Lewat email, kamu bisa kirim foto, dokumen, atau file lainnya dengan mudah. Mengapa mudah? Karena yang kamu kirim adalah file yang bisa dikirim lewat email. File tersebut berbeda dengan uang. Mengirim uang lewat internet atau secara elektronik memerlukan peran pihak ketiga.

Jika kamu transfer uang ke rekening saya, bank harus memverifikasi transaksi tersebut. Terdapat limitasi sesuai dengan ketentuan, misalnya kamu tidak bisa mengirim lebih dari 1 milyar dalam sekali transaksi. Bank melakukan moderasi untuk menahan tranferan atau membatalkan transaksi. Bank bisa juga meminta biaya transaksi.

Uang digital seperti Bitcoin atau cryptocurrencies lainnya berbeda. Transaksi bitcoin tidak melalui pihak ketiga, baik pemerintah maupun bank. Koin langsung sampai dari individu pengirim ke penerima tanpa ongkos atau biaya transaksi. Blockchain memfasilitasi transaksi finansial tersebut. Itulah mengapa uang digital menggunakan blockchain.

Baca juga Apa itu Bitcoin?

Bagaimana proses transaksi menggunakan blockchain berlangsung?

Mata uang digital menggunakan enkripsi atau password untuk mencegah munculnya copiannya. Seperti mata uang tradisional yang memiliki kode unik. Blockchain menyediakan transparansi kode aktivitas dan sirkulasi yang decentralized. Setiap transaksi di blockchain terekam dalam database blockchain yang dapat dibaca oleh publik dalam jejaring komputer yang memiliki mata uang digital.

Database yang transparan mencegah adanya transaksi ganda. Bayangkan jika kamu punya satu karung berisi uang 500 juta rupiah. Jika kamu memberi uang 500 juta rupiah kepada satu orang, maka kamu tidak bisa memberikannya kepada orang lain lagi, karena pemberian kamu sudah terekam dalam database yang dapat dibaca publik dalam jejaring. Sehingga jika ada potensi pemberian ganda, otomatis akan batal. Teknologi blockchain membatalkan potensi transaksi ganda tersebut.

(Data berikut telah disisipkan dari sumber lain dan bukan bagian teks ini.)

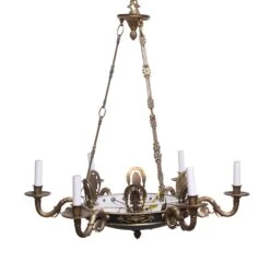 Empire style brass chandelier with wreath and crest details, a black and gold finish and six candlestick arms. These majestic chandeliers adorned many of the main corridors of the Waldorf Astoria Hotel. Priced each. Price includes restoration. Please specify the overall drop that is needed upon purchasing.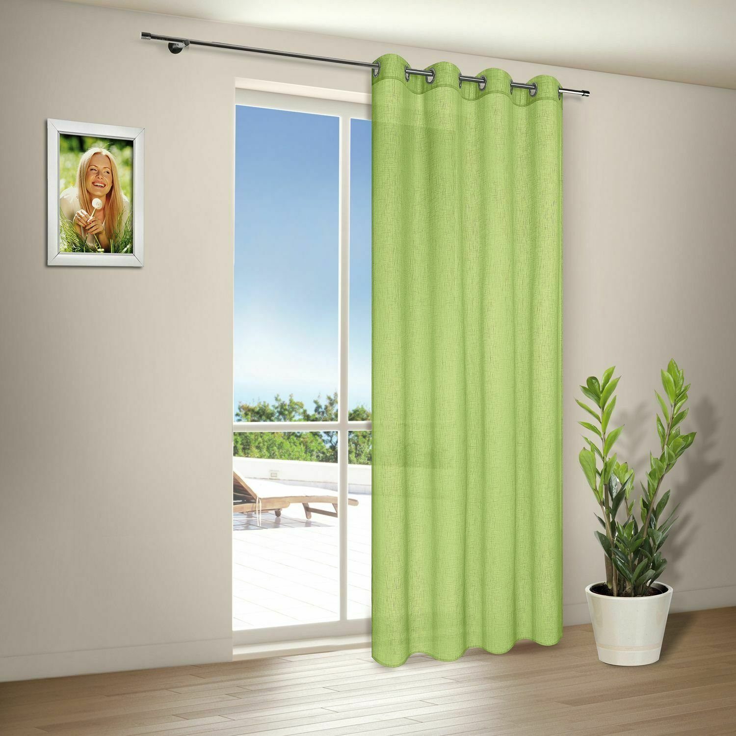 Hinweis Aufhängung | Aufhängung erfolgt mittels Ösen (Durchmesser ca. 35 mm) an der Gardinenstange. |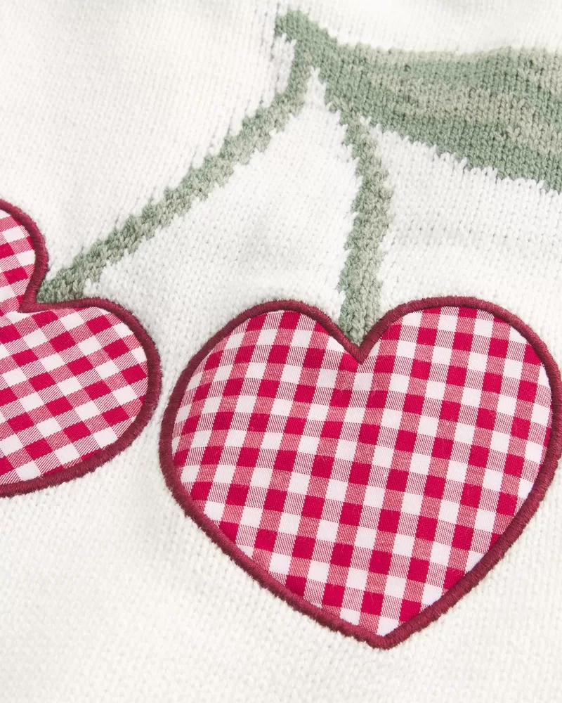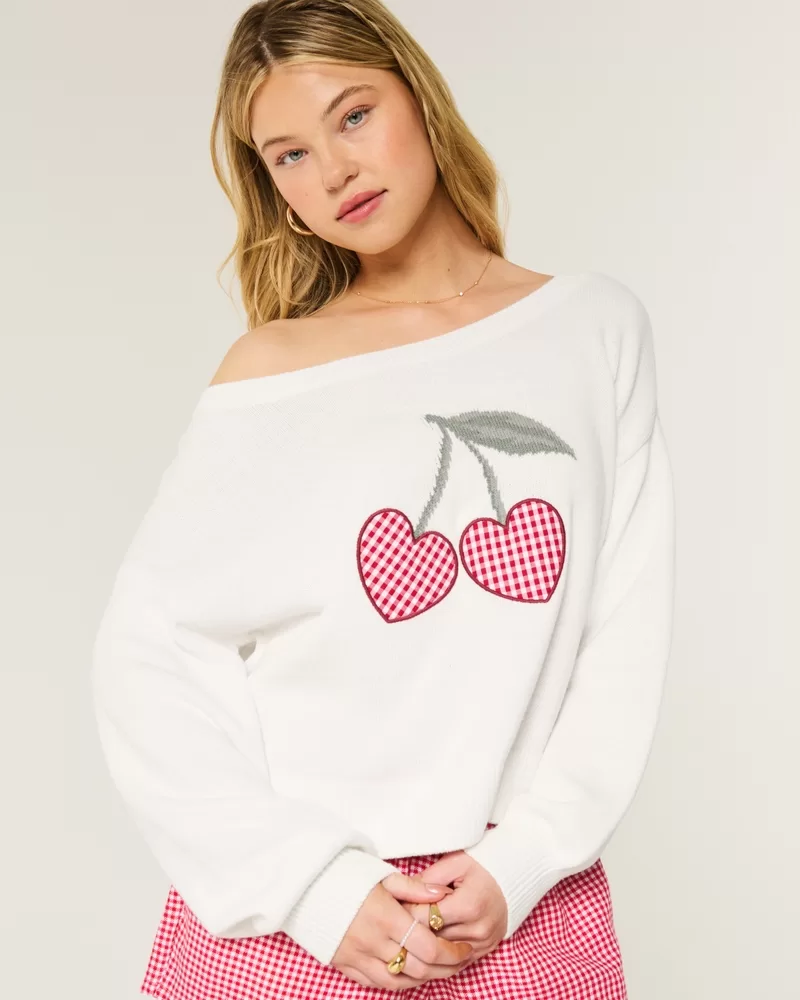 Cozy and super soft, this sweater features Valentine’s Day-inspired heart cherry intarsia graphics and applique. Relaxed neckline can be worn off one shoulder, ribbed trims, long sleeves. Easy Fit.

Alih-alih menggunakan pihak ketiga seperti bank atau pemerintah untuk menverifikasi transaksi, mata uang digital menggunakan teknologi blockchain dimana individu dalam jejaring memiliki kuasa memverifikasi, mengonfirmasi dan merekam setiap transaksi. Ongkos untuk mengajak individu lain memanipulasi proses verifikasi terlalu mahal karena bahkan identitas individu dalam jejaring tidak bisa diketahui aslinya. Pengguna mata uang digital terhubung melalui jejering digital tanpa mengenal. Pengertian blockchain dan cara kerjanya perlu diketahui sebelum kamu membeli uang digital dan berinvestasi.